With Cuba hardliners advising Trump, there's the possibility for increased friction, said Peter Schecter, director of the Atlantic Council's Latin America Center. Obama's move to open relations robbed the Castro regime of its fail-safe excuse for all that ailed Cuba -- the United States.
In the wake of his brother's death, President Raul Castro is likely to crack down on dissent to show that the island's revolutionary leader might have died but that the regime lives on. That might spark outrage and a reaction from Trump's circle of advisors.
"It will be important for the United States and particularly the new government of the United States not to take the bait and make mistakes," Schecter said, "because now more than ever Cubans have to own what happens on their island."
On the economic front, Risa Grais-Targow, director of the Eurasia Group's Latin America desk, said Trump could roll back diplomatic relations, re-impose the cap on remittances or condition his policy on Cuba meeting human rights standards it will almost certainly fail.
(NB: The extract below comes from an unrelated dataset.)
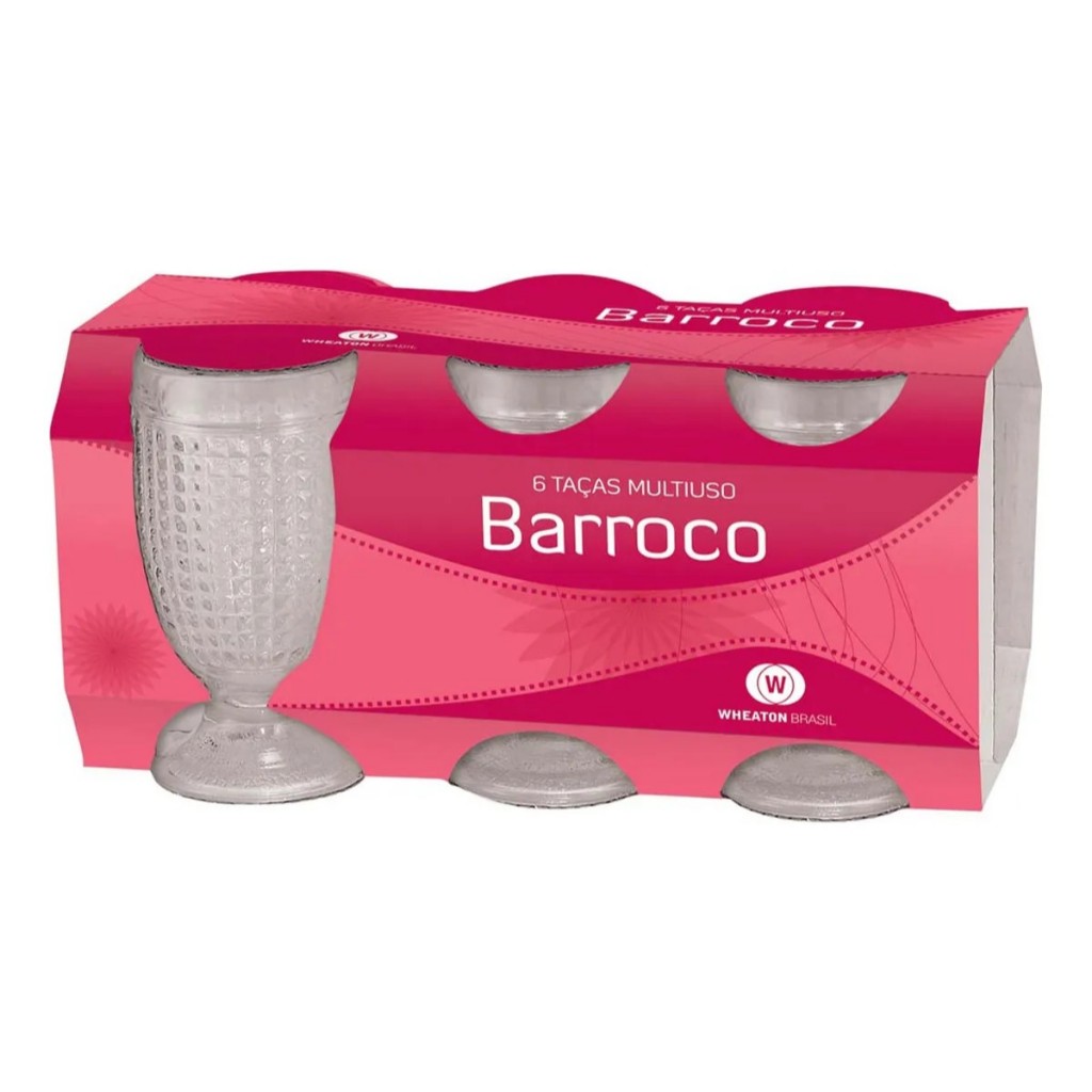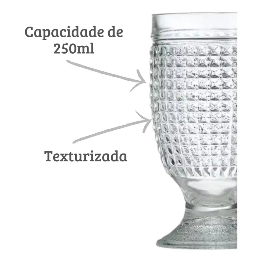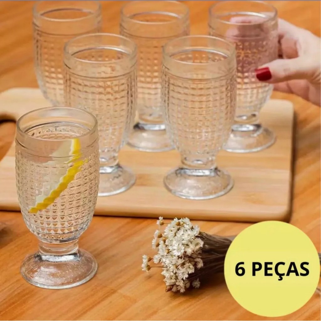 Conjunto 6 Copos Taças de Vidro 250ML para Água, Suco e Refrigerante Coleção Barroco

At the US-Cuba Trade and Economic Council, Kavulich said his group thinks Trump may impose conditions or further restrictions on travel and trade. "It's quite likely there will be an increase in enforcement by the Office of Foreign Assets Control and by US Customs and Border Protection," he said.
And it would be easy to do, said the Wilson Center's Olson, since Obama made these changes through executive order.
"Government by executive order is easily reversed by the next president," he said.
While there may be pushback from the US Chamber of Commerce and the major American companies that currently do business there, it may not be enough to sway Trump.
The chamber and individual businesses will "have to weigh the multitude of issues they'll want to deal with Trump on, and this may not be the one they want to lay down on the track for," Olson said.
CORRECTION: This article has been updated with the correct percentage of Miami-Dade residents who are Cuban-American.